[ASSIGNED TASK] Retype, without any change, the first line of the records and every line after it through the one containing "Zusätzliche Empfehlung:Wir empfehlen".

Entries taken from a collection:
◆ ◆ ◆ ◆
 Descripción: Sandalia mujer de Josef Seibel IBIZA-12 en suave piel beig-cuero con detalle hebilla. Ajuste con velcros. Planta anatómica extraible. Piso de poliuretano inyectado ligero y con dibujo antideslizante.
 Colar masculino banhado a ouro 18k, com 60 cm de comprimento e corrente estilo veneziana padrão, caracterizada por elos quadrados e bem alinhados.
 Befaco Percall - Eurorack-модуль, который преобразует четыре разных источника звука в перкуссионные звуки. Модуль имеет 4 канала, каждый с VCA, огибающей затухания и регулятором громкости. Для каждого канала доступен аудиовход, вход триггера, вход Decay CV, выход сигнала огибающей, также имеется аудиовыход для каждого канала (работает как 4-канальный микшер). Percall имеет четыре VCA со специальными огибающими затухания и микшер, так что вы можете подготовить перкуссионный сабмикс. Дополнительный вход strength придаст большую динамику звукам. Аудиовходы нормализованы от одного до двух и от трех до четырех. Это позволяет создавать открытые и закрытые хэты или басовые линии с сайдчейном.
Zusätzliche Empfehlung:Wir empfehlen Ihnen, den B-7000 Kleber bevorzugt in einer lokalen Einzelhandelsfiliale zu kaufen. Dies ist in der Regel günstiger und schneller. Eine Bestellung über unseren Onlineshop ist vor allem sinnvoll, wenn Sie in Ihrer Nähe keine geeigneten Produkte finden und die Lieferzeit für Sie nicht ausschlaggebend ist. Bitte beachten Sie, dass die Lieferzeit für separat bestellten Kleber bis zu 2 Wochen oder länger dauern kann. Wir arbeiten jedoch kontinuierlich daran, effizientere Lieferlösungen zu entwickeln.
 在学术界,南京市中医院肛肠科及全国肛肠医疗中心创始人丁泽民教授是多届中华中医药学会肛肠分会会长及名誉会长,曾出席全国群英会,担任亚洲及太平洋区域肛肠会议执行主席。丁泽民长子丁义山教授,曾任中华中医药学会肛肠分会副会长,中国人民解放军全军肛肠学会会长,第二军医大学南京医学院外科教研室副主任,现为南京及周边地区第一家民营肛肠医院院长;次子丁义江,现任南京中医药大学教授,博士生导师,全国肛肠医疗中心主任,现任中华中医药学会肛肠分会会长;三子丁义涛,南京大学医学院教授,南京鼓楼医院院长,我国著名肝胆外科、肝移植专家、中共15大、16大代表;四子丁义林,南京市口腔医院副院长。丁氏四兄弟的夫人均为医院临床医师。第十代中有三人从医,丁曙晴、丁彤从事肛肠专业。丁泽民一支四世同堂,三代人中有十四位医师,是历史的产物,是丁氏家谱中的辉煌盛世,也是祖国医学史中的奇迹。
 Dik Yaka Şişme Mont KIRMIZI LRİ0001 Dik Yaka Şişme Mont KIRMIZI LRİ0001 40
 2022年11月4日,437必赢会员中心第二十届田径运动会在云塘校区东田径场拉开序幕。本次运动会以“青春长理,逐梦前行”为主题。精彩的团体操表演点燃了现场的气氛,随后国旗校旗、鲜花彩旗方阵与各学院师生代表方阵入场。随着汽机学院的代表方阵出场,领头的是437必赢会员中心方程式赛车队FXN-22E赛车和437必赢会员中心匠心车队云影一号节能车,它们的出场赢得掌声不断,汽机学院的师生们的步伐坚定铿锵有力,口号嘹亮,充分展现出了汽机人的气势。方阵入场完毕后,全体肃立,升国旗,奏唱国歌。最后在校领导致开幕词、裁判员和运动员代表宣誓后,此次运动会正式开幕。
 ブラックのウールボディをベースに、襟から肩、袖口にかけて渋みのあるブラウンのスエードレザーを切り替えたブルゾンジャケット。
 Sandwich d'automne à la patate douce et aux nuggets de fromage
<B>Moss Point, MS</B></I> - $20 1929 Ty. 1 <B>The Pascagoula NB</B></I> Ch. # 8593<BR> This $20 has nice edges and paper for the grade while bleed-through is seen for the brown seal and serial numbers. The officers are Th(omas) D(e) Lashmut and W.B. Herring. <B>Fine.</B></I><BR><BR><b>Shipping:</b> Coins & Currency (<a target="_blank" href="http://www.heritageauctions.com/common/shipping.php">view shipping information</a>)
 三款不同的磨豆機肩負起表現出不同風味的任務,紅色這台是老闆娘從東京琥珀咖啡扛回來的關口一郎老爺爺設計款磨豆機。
◆ ◆ ◆ ◆
[PROBLEM SOLUTION]
 Descripción: Sandalia mujer de Josef Seibel IBIZA-12 en suave piel beig-cuero con detalle hebilla. Ajuste con velcros. Planta anatómica extraible. Piso de poliuretano inyectado ligero y con dibujo antideslizante.
 Colar masculino banhado a ouro 18k, com 60 cm de comprimento e corrente estilo veneziana padrão, caracterizada por elos quadrados e bem alinhados.
 Befaco Percall - Eurorack-модуль, который преобразует четыре разных источника звука в перкуссионные звуки. Модуль имеет 4 канала, каждый с VCA, огибающей затухания и регулятором громкости. Для каждого канала доступен аудиовход, вход триггера, вход Decay CV, выход сигнала огибающей, также имеется аудиовыход для каждого канала (работает как 4-канальный микшер). Percall имеет четыре VCA со специальными огибающими затухания и микшер, так что вы можете подготовить перкуссионный сабмикс. Дополнительный вход strength придаст большую динамику звукам. Аудиовходы нормализованы от одного до двух и от трех до четырех. Это позволяет создавать открытые и закрытые хэты или басовые линии с сайдчейном.
Zusätzliche Empfehlung:Wir empfehlen Ihnen, den B-7000 Kleber bevorzugt in einer lokalen Einzelhandelsfiliale zu kaufen. Dies ist in der Regel günstiger und schneller. Eine Bestellung über unseren Onlineshop ist vor allem sinnvoll, wenn Sie in Ihrer Nähe keine geeigneten Produkte finden und die Lieferzeit für Sie nicht ausschlaggebend ist. Bitte beachten Sie, dass die Lieferzeit für separat bestellten Kleber bis zu 2 Wochen oder länger dauern kann. Wir arbeiten jedoch kontinuierlich daran, effizientere Lieferlösungen zu entwickeln.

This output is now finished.